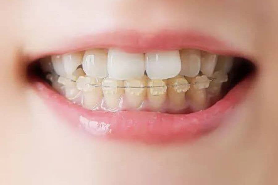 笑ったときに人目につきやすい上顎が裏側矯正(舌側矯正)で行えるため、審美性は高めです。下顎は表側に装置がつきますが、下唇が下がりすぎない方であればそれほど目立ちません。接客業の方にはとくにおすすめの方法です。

━━━━

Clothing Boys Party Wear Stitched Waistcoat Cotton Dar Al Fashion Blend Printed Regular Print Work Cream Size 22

━━━━

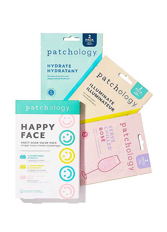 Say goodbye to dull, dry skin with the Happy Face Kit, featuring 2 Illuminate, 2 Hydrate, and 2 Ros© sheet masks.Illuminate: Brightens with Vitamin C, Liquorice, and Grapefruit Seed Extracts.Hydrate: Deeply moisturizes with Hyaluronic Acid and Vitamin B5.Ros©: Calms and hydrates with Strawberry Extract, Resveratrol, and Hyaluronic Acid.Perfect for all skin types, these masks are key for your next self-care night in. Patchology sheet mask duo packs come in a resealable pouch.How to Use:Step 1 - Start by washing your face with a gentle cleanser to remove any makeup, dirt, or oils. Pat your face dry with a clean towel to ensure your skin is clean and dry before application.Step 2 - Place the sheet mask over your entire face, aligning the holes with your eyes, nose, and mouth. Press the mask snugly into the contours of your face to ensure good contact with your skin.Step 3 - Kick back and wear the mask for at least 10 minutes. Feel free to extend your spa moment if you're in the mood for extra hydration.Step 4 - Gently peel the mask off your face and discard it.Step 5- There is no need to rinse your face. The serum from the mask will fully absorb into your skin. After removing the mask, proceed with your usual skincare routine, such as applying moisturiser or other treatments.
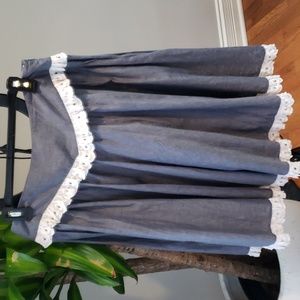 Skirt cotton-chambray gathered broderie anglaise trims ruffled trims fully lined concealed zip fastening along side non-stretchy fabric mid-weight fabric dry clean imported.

━━━━

Work item – Output only the lines above from the one containing "Say goodbye to" to the one containing "Skirt cotton-chambray gathered", both included, exactly as written and with no pictures.

The answer –
 Say goodbye to dull, dry skin with the Happy Face Kit, featuring 2 Illuminate, 2 Hydrate, and 2 Ros© sheet masks.Illuminate: Brightens with Vitamin C, Liquorice, and Grapefruit Seed Extracts.Hydrate: Deeply moisturizes with Hyaluronic Acid and Vitamin B5.Ros©: Calms and hydrates with Strawberry Extract, Resveratrol, and Hyaluronic Acid.Perfect for all skin types, these masks are key for your next self-care night in. Patchology sheet mask duo packs come in a resealable pouch.How to Use:Step 1 - Start by washing your face with a gentle cleanser to remove any makeup, dirt, or oils. Pat your face dry with a clean towel to ensure your skin is clean and dry before application.Step 2 - Place the sheet mask over your entire face, aligning the holes with your eyes, nose, and mouth. Press the mask snugly into the contours of your face to ensure good contact with your skin.Step 3 - Kick back and wear the mask for at least 10 minutes. Feel free to extend your spa moment if you're in the mood for extra hydration.Step 4 - Gently peel the mask off your face and discard it.Step 5- There is no need to rinse your face. The serum from the mask will fully absorb into your skin. After removing the mask, proceed with your usual skincare routine, such as applying moisturiser or other treatments.
 Skirt cotton-chambray gathered broderie anglaise trims ruffled trims fully lined concealed zip fastening along side non-stretchy fabric mid-weight fabric dry clean imported.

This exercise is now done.